AVAILABLE DATA
• • •
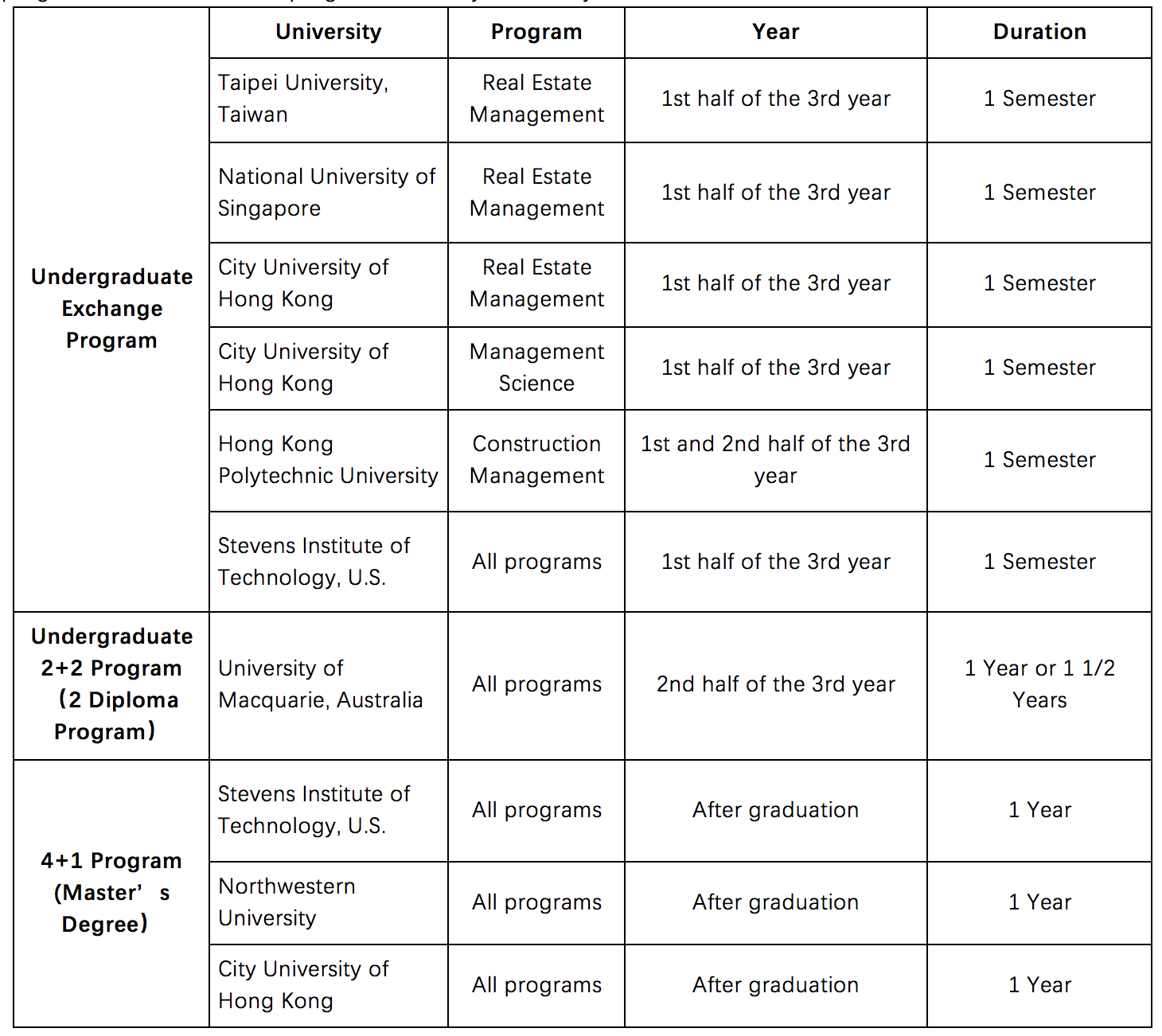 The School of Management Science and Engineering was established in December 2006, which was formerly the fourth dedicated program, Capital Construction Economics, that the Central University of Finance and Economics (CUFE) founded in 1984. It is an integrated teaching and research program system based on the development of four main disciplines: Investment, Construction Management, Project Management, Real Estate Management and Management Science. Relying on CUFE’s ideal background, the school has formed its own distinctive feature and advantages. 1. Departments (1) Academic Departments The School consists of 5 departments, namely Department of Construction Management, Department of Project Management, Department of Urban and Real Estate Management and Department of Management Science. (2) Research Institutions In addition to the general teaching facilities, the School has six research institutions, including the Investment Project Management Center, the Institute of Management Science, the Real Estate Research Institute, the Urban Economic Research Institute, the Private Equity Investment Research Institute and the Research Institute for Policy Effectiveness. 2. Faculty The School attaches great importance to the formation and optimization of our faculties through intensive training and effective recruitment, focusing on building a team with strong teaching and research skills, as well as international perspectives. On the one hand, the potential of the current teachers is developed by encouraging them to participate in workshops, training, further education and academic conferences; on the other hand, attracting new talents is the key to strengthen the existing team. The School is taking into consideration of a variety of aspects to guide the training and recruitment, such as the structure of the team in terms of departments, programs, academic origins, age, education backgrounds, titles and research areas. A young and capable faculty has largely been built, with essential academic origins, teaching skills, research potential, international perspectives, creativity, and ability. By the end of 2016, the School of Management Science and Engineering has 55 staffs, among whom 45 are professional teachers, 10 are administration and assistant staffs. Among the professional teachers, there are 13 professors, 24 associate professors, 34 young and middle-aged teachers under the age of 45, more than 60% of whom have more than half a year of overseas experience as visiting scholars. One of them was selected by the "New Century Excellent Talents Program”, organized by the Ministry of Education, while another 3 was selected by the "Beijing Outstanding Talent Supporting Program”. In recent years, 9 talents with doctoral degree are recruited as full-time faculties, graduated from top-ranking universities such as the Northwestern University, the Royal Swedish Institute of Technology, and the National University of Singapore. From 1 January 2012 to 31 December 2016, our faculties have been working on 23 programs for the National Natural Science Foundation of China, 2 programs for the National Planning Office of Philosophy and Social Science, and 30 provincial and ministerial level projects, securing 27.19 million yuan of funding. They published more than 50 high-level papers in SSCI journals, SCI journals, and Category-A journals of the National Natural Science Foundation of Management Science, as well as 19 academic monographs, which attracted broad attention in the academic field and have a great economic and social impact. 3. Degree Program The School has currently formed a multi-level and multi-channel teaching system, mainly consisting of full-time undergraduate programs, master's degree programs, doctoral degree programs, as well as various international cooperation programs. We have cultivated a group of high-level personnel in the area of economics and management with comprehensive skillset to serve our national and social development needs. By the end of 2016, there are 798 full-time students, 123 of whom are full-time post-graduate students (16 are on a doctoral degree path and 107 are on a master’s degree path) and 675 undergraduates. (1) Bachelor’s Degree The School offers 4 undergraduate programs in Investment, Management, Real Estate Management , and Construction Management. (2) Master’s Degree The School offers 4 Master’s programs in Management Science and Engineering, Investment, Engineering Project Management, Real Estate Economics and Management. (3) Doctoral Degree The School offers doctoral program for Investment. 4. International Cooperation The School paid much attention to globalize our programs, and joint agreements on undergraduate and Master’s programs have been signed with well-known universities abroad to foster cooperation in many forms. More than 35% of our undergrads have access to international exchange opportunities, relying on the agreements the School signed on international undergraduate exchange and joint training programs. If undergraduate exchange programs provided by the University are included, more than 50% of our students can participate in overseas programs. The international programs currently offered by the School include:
• • •
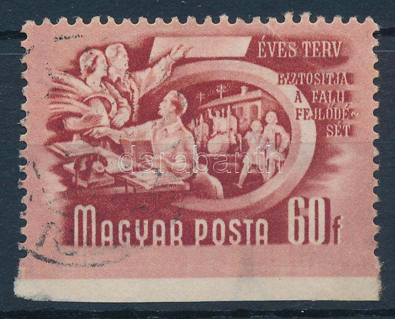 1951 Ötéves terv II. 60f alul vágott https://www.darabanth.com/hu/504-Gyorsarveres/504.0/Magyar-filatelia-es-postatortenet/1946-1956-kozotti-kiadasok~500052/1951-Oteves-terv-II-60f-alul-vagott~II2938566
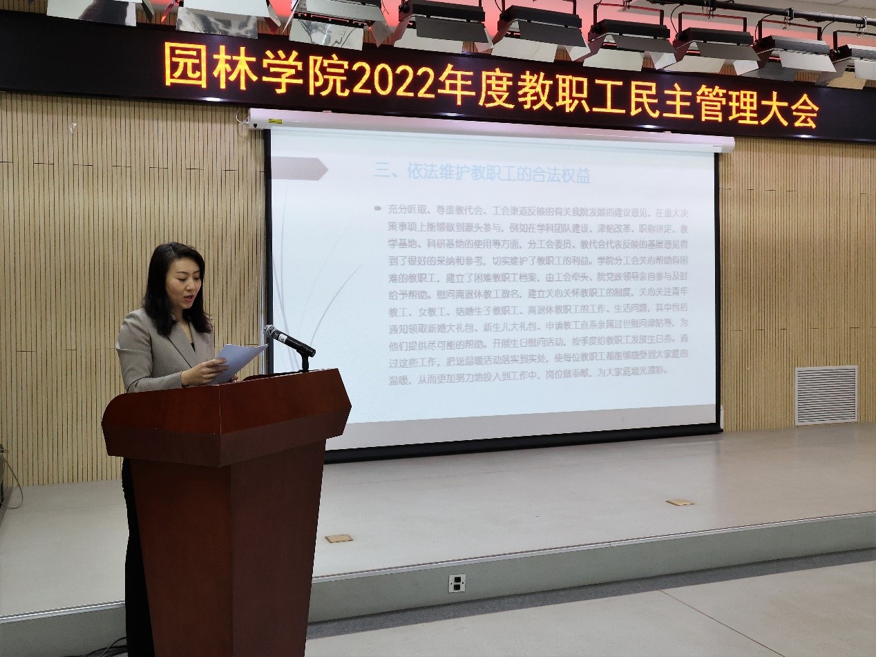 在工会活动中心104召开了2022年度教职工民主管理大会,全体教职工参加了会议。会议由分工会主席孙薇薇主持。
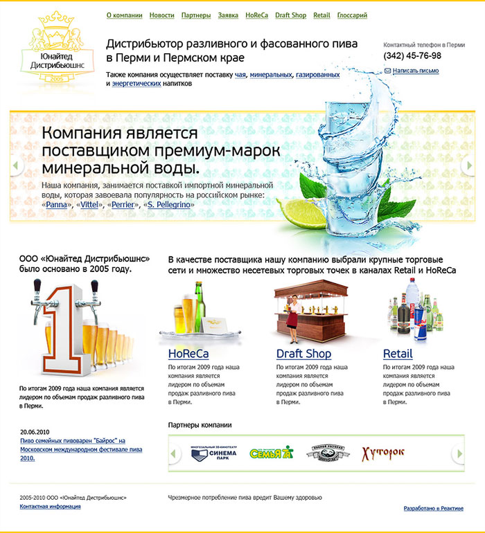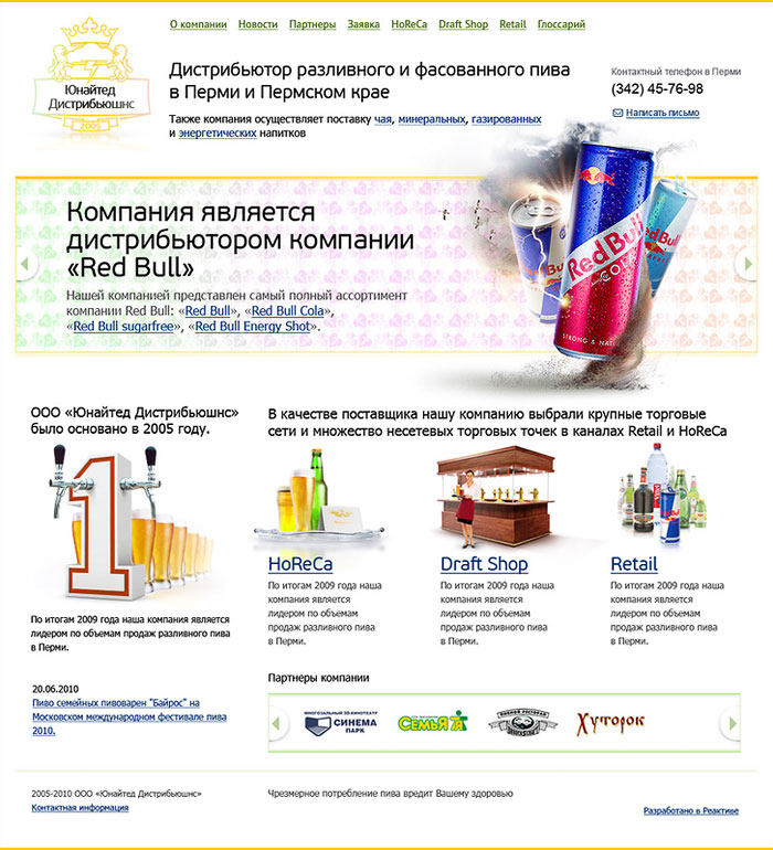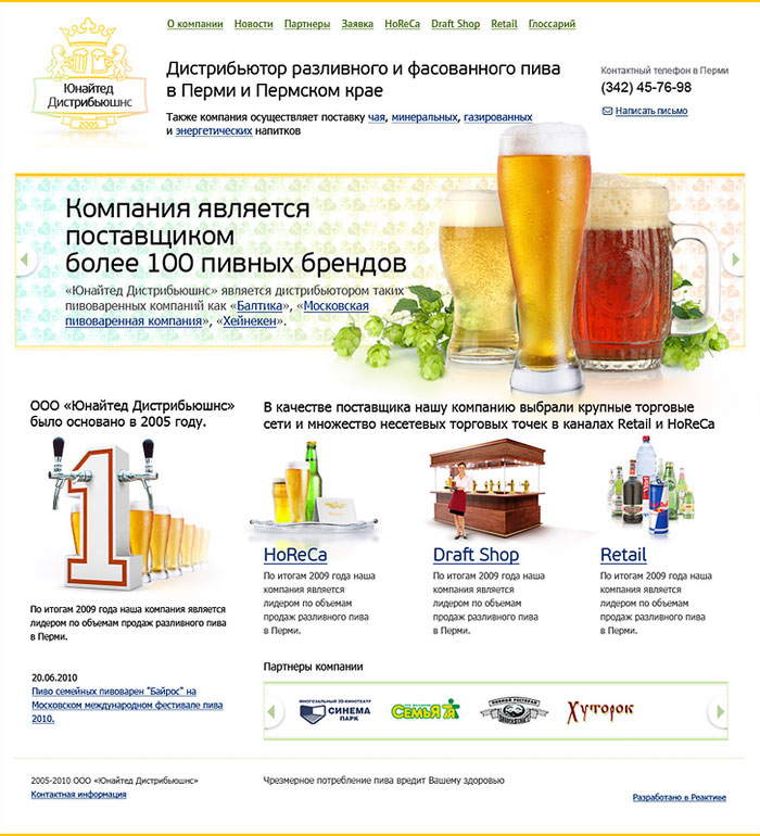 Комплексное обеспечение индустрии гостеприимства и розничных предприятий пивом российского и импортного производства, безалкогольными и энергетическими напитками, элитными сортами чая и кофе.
• • •
WORK INSTRUCTIONS
All lines above from the one containing "在工会活动中心104召开了2" up to and including the one containing "Комплексное обеспечение индустрии" are to be set down exactly, and nothing else. Leave images out.

WORKED SOLUTION
 在工会活动中心104召开了2022年度教职工民主管理大会,全体教职工参加了会议。会议由分工会主席孙薇薇主持。
 Комплексное обеспечение индустрии гостеприимства и розничных предприятий пивом российского и импортного производства, безалкогольными и энергетическими напитками, элитными сортами чая и кофе.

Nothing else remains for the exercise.